PATRICK BOND: That’s right. He actually had a stop in Britain along the way. He worked in the ANC office and was a bastion of the sports boycotts movement. He was extraordinarily successful. As mentioned earlier, he was basically single-handedly responsible for pulling a coalition together that forced the Chicago leader of the Olympics, Avery Brundage, to make a U-turn and kick the white South African team off the 1968 Mexico Olympics and then, in 1970, had them banned. So those were markers of an exceptional campaigner, a very persuasive advocate of racial justice.
And I think at that point, when he also turned his hand to professional literary studies and became the chair of African American Studies both at Northwestern and at University of Pittsburgh, retiring in 1995, he then brought all of these capacities — intellectual, strategic and very, very inspiring capacities — to the South Africa struggle in 1996 with the Growth, Employment, Redistribution home-grown structural adjustment, coming back to South Africa, starting the Jubilee movement. He really put an extraordinary marker on post-apartheid struggles for economic justice, and later environment.
And then he was a central figure in Seattle, of the World Social Forum in early 2000. In fact, really, Amy, as you know from being there, at every G-8 and World Bank-IMF annual meeting, WTO protest, you’d find Dennis Brutus, out both in the crowd, in a very humble way, listening and learning, and often on the speakers’ stand providing inspiration.
AMY GOODMAN: The way he — his politics continued to evolve, and also critiquing the ANC, the group he was closely affiliated with, with so many years against apartheid in South Africa, Patrick?

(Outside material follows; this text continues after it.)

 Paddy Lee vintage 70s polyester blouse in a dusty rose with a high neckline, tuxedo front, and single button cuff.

PATRICK BOND: Yeah, I think in around about ’98, when the Treatment Action Campaign started demanding AIDS medicines, and 1999, when a number of the communities in the big urban areas began to revolt — and we now have about 10,000 protests a year that the police measure, about the highest rate per person in the world — and that really signaled to Dennis Brutus that he was a very welcome figure, as a wise leader of the independent left, of sort of new social movements that emerged. And so, Dennis was critical, really, in providing us the historic time frames of struggles that were timeless and his own principles and commitment and his generosity of spirit, and again these extraordinary poems that kept popping out.

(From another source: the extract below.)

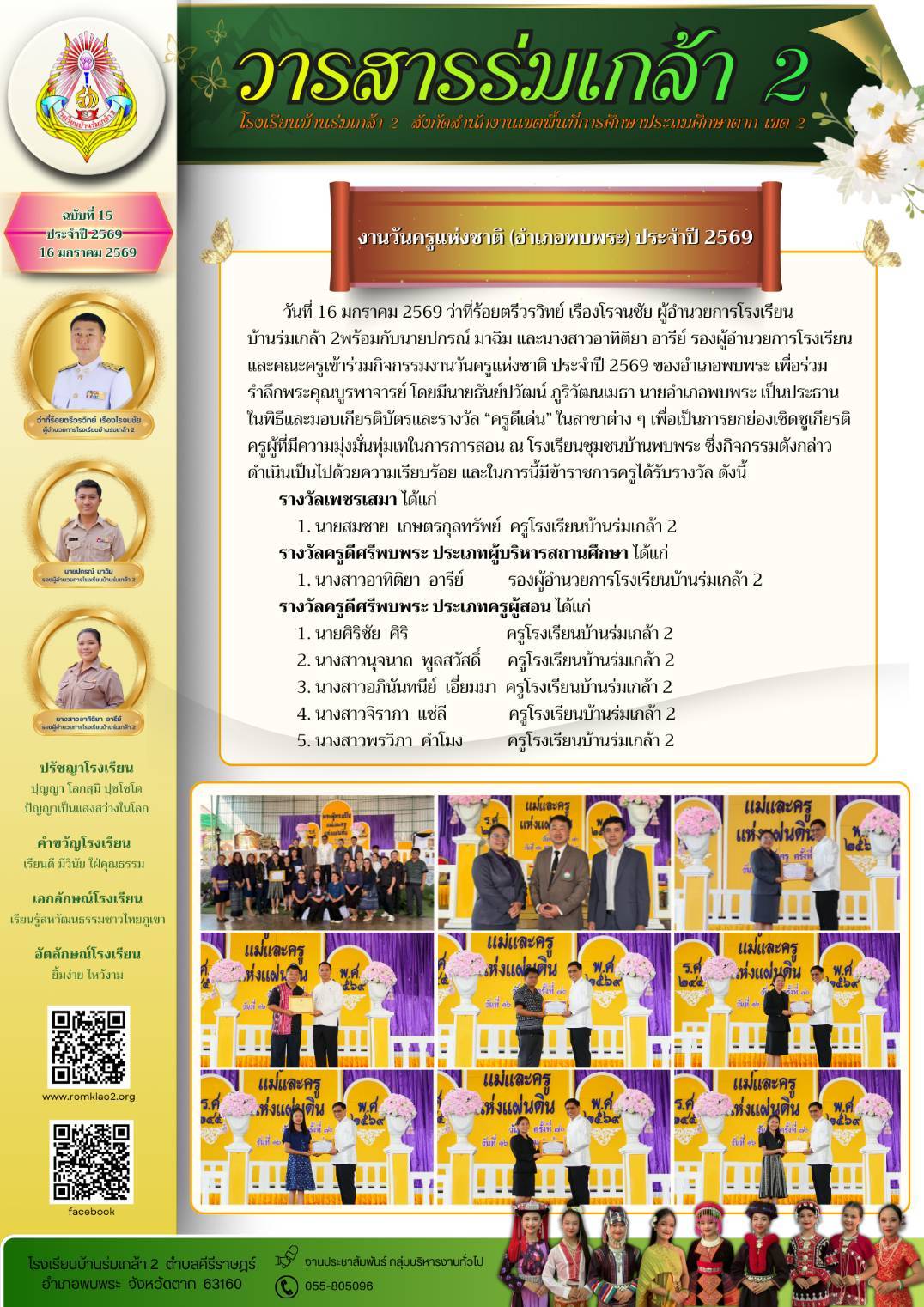 อ่านต่อ...วันที่ 20 มกราคม 2569 นายวาณิช คล้ายผา รองผู้อำนวยการสำนักงานเขตพื้นที่การศึกษาประถมศึกษาตาก เขต 2 พร้อมด้วย นางเสาวลักษณ์ กมลปลื้ม ผู้อำนวยการกลุ่ม ...

Working with us in Durban at the University of KwaZulu-Natal over the past four years, we were always amazed that, whatever the circumstances, Dennis would have a new poem ready. He wrote several this year that are classics. Probably his best, really, were the poems of incarceration, as you mentioned, Sirens, Knuckles, Boots, Letters to Martha. Those will still stand decades from now as seminal works, especially here in the United States with such a high incarceration rate, really focused the word and the spirit of liberation in a form that broke out of the traditions and spoke to ever-expanding generations of fans. And people who’ve had one-on-one contact with him, we’re hearing from them from all over the world, and life-changing experiences, to be touched by Dennis Brutus and to have a sort of sense of his combination of bread and roses.
AMY GOODMAN: Patrick Bond, we will leave it there, professor at University of KwaZulu-Natal in South Africa, close friend and former colleague of Dennis Brutus. Dennis Brutus is survived by his wife May, his sisters Helen and Dolly, eight children, nine grandchildren, four great-grandchildren in Hong Kong, England, US and Cape Town.